» Action item
Excluding all pictures, please output the listing exactly.

» Supplied data

┌──

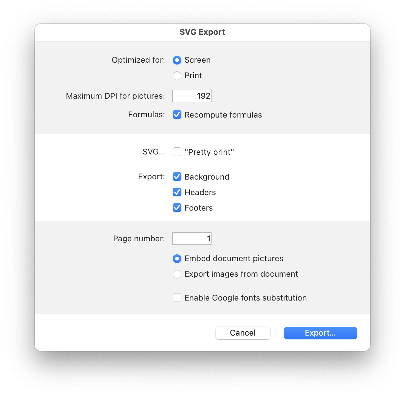 Los comandos de exportación PDF, HTML, HTML Mime y SVG muestran un cuadro de diálogo Opciones de exportación, que permite seleccionar opciones de exportación. Por ejemplo, aquí está el cuadro de diálogo de opciones para la exportación SVG:
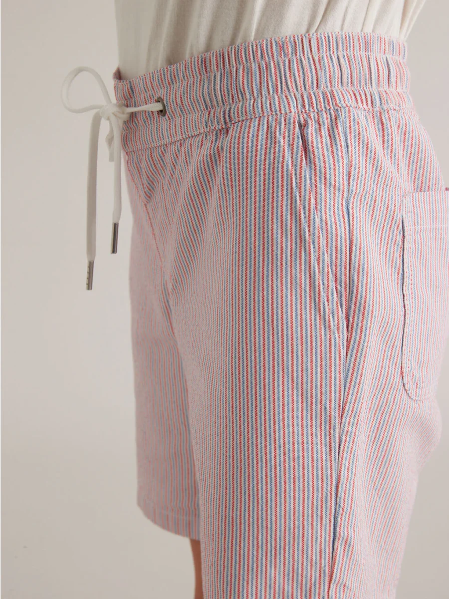 Une fine rayure fantaisie et colorée pour un bermuda très graphique et facile à associer.
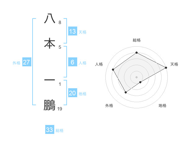 八本 一鵬さんの天格は13画の5点!
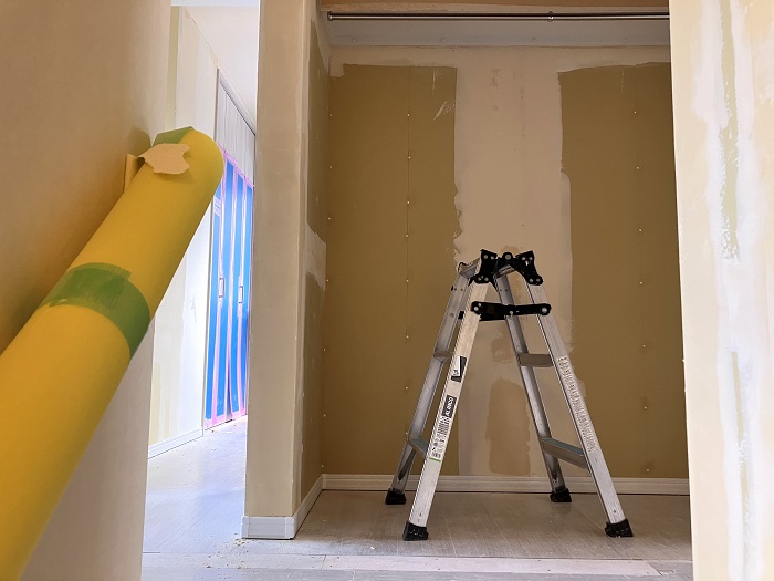 現場では、パテ作業が終了していましたので、これから「クロス」も貼られていきます。
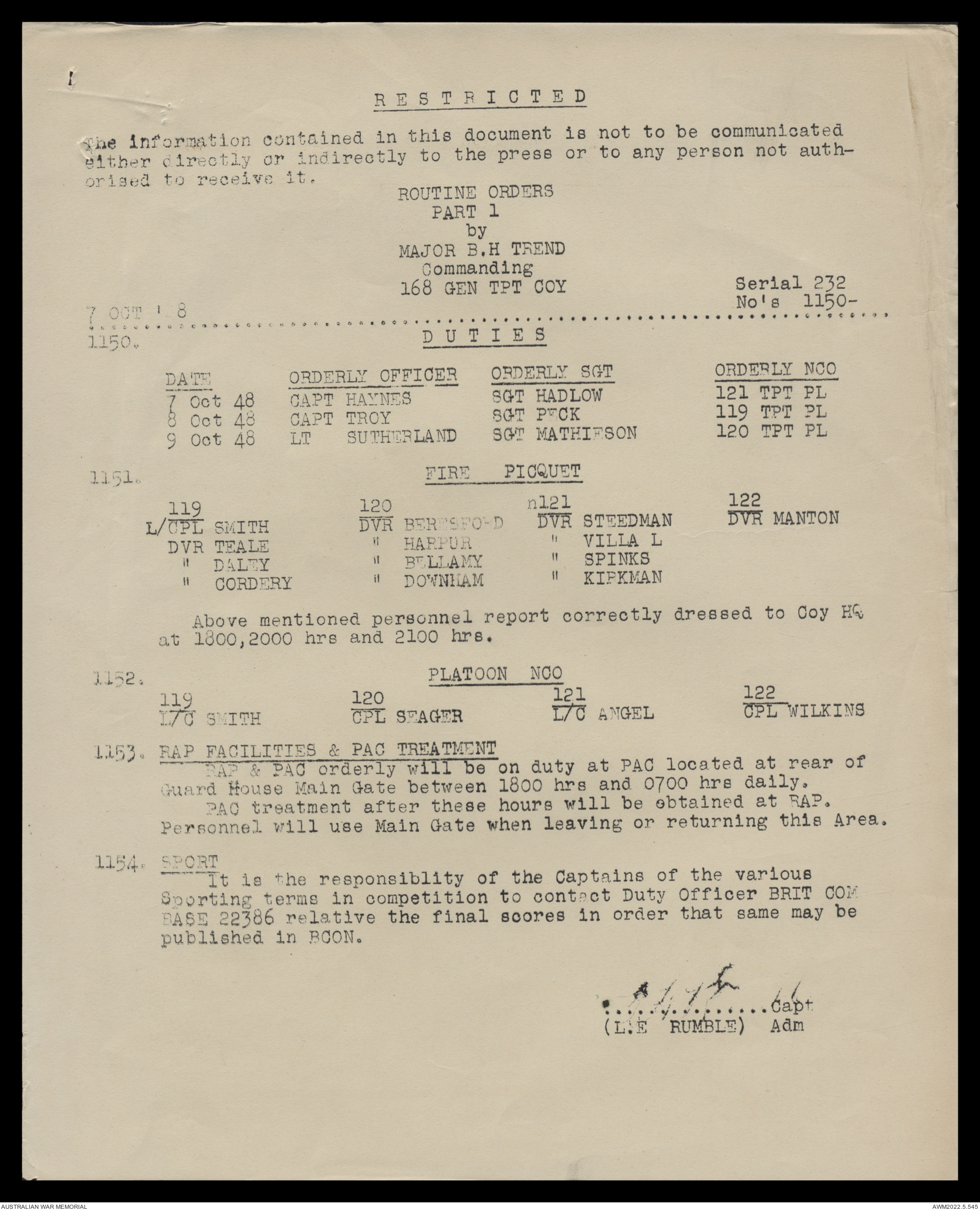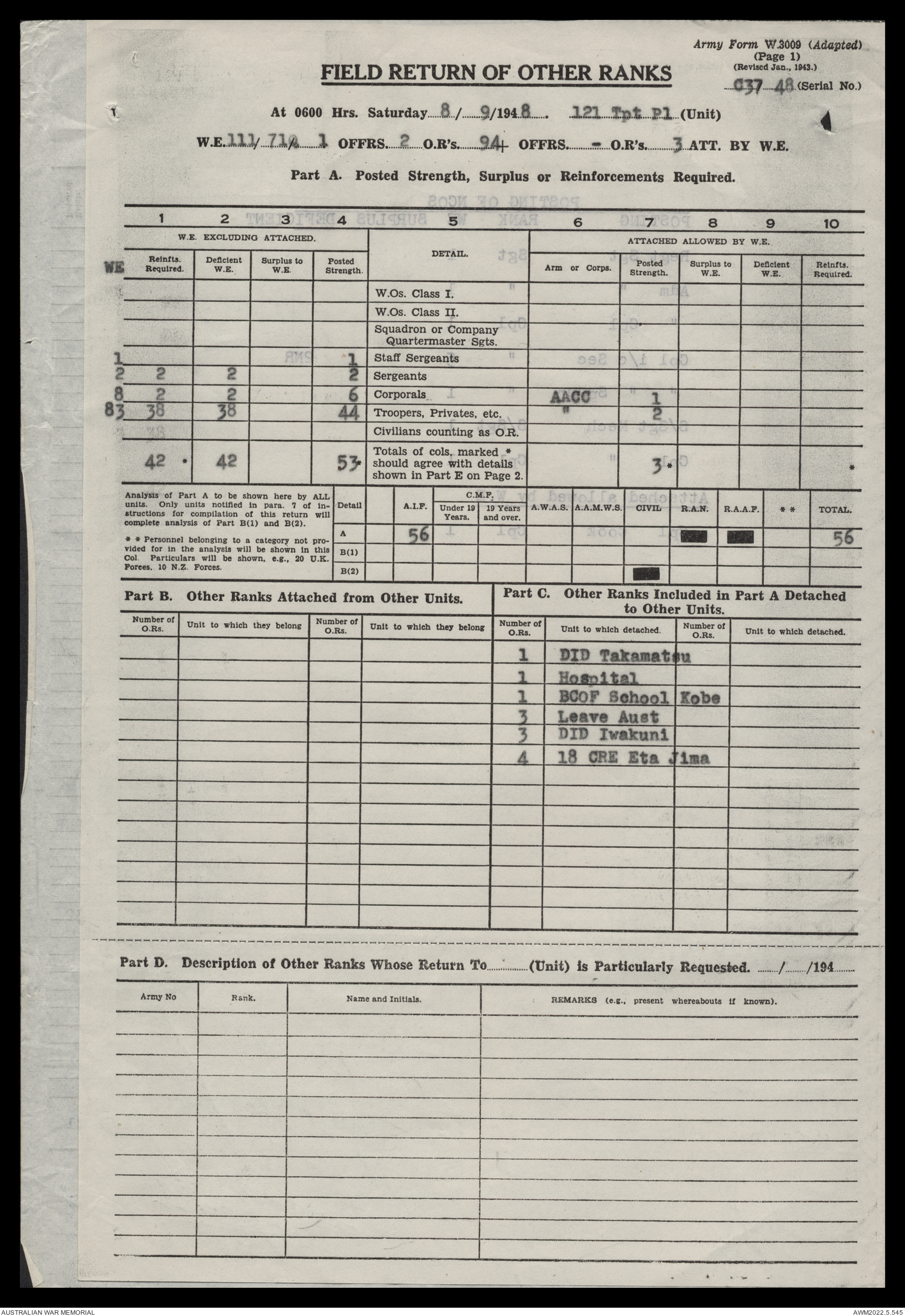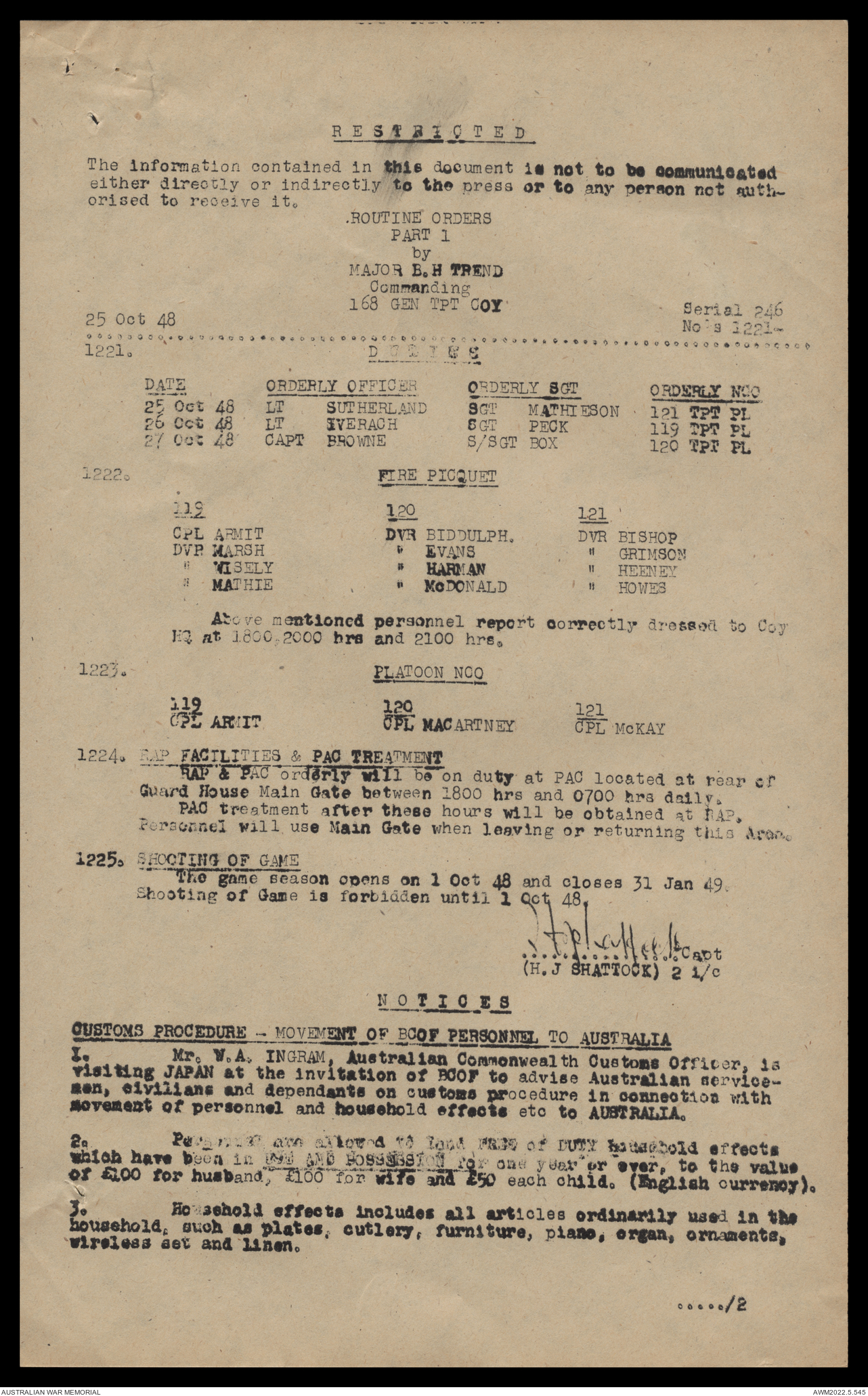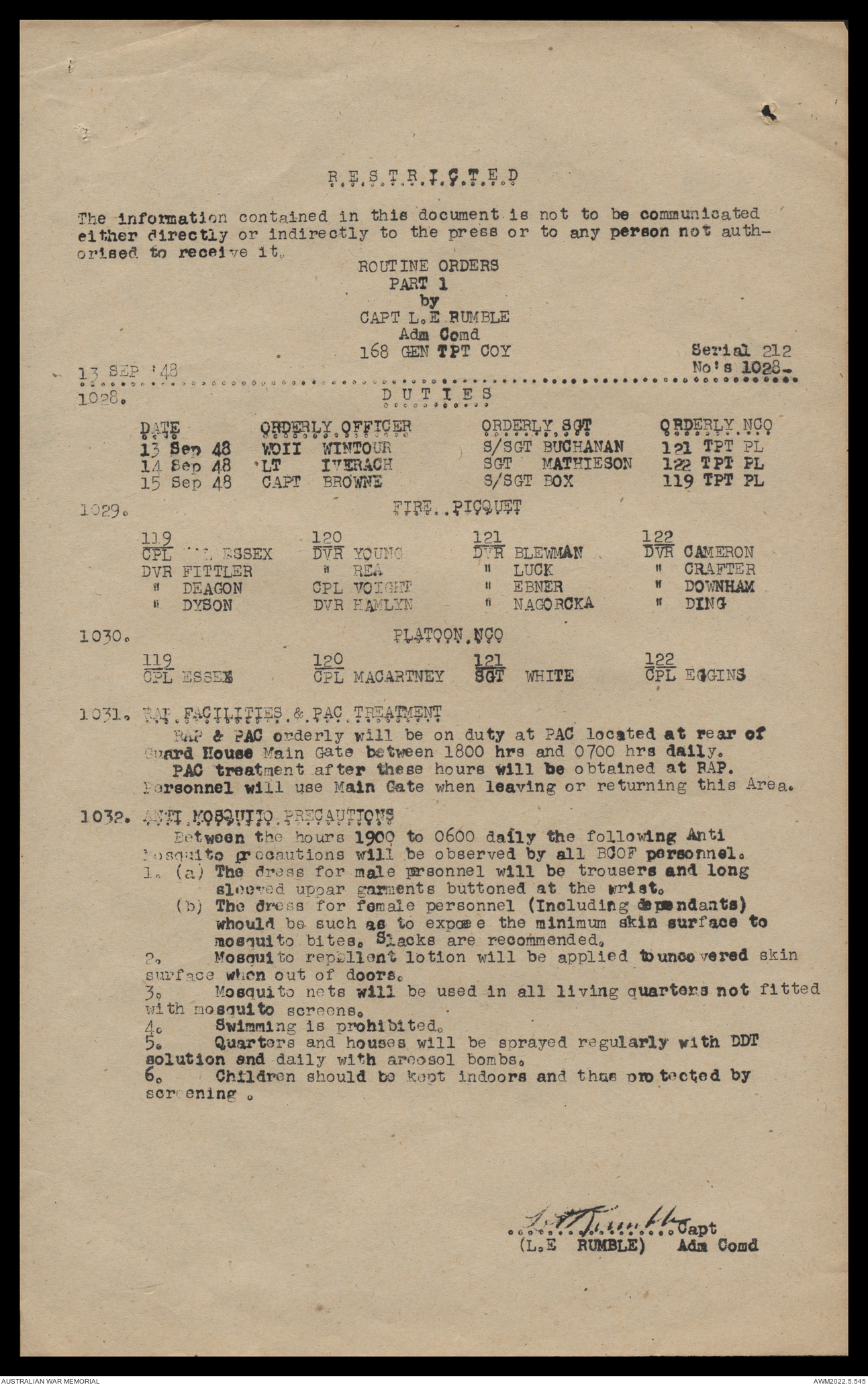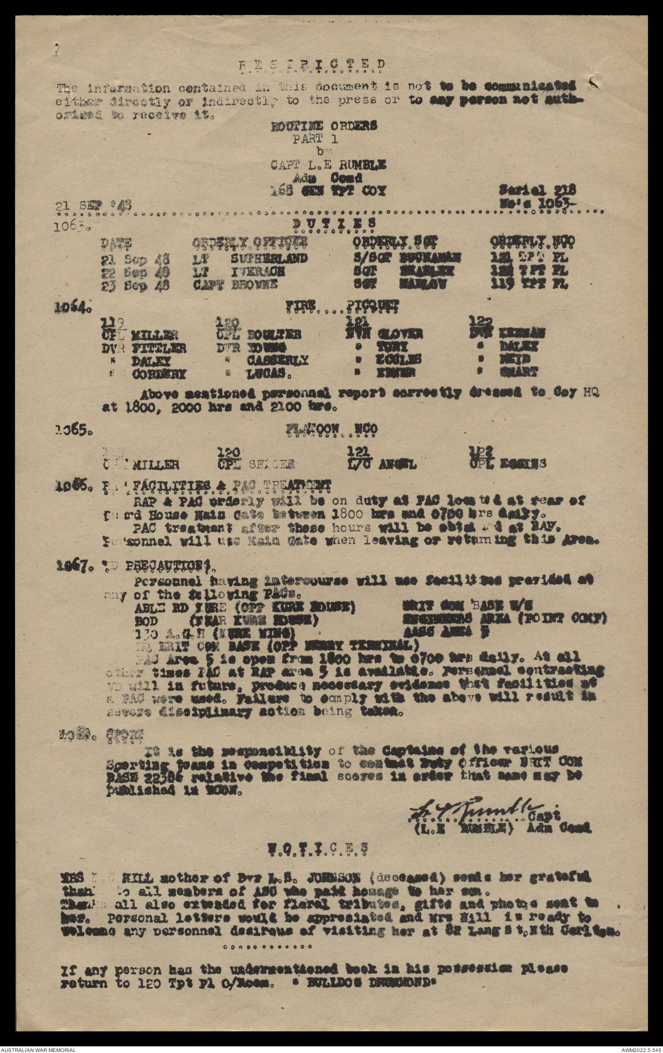 AWM52 10/4/126/16 - [Unit War Diaries, 1939-45 War] 121 Aust. [Australian] Transport Platoon, September - October 1948
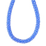 Blue Magic Color Glass Beaded Necklace 20-22 Inches in Silvertone
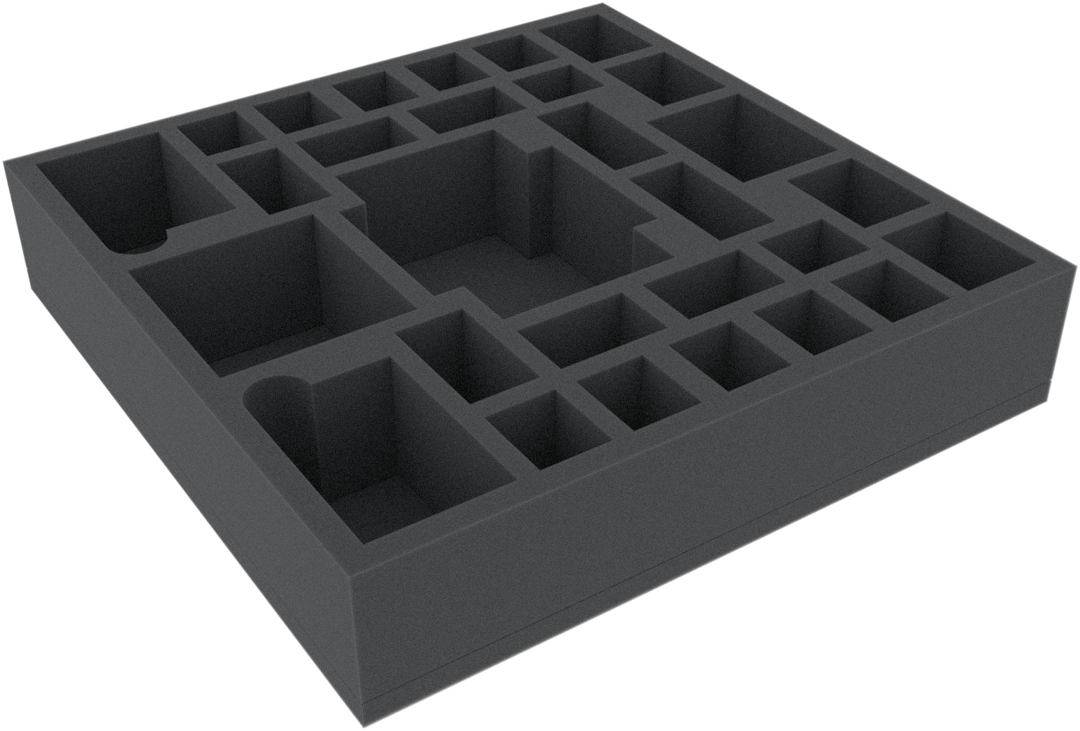 - The foam tray has the dimensions: 295 mm x 295 mm x 60 mm total height (50 mm usable height + 10 mm foam base)

└──

» Result of this task
 Los comandos de exportación PDF, HTML, HTML Mime y SVG muestran un cuadro de diálogo Opciones de exportación, que permite seleccionar opciones de exportación. Por ejemplo, aquí está el cuadro de diálogo de opciones para la exportación SVG:
 Une fine rayure fantaisie et colorée pour un bermuda très graphique et facile à associer.
 八本 一鵬さんの天格は13画の5点!
 現場では、パテ作業が終了していましたので、これから「クロス」も貼られていきます。
 AWM52 10/4/126/16 - [Unit War Diaries, 1939-45 War] 121 Aust. [Australian] Transport Platoon, September - October 1948
 Blue Magic Color Glass Beaded Necklace 20-22 Inches in Silvertone
 - The foam tray has the dimensions: 295 mm x 295 mm x 60 mm total height (50 mm usable height + 10 mm foam base)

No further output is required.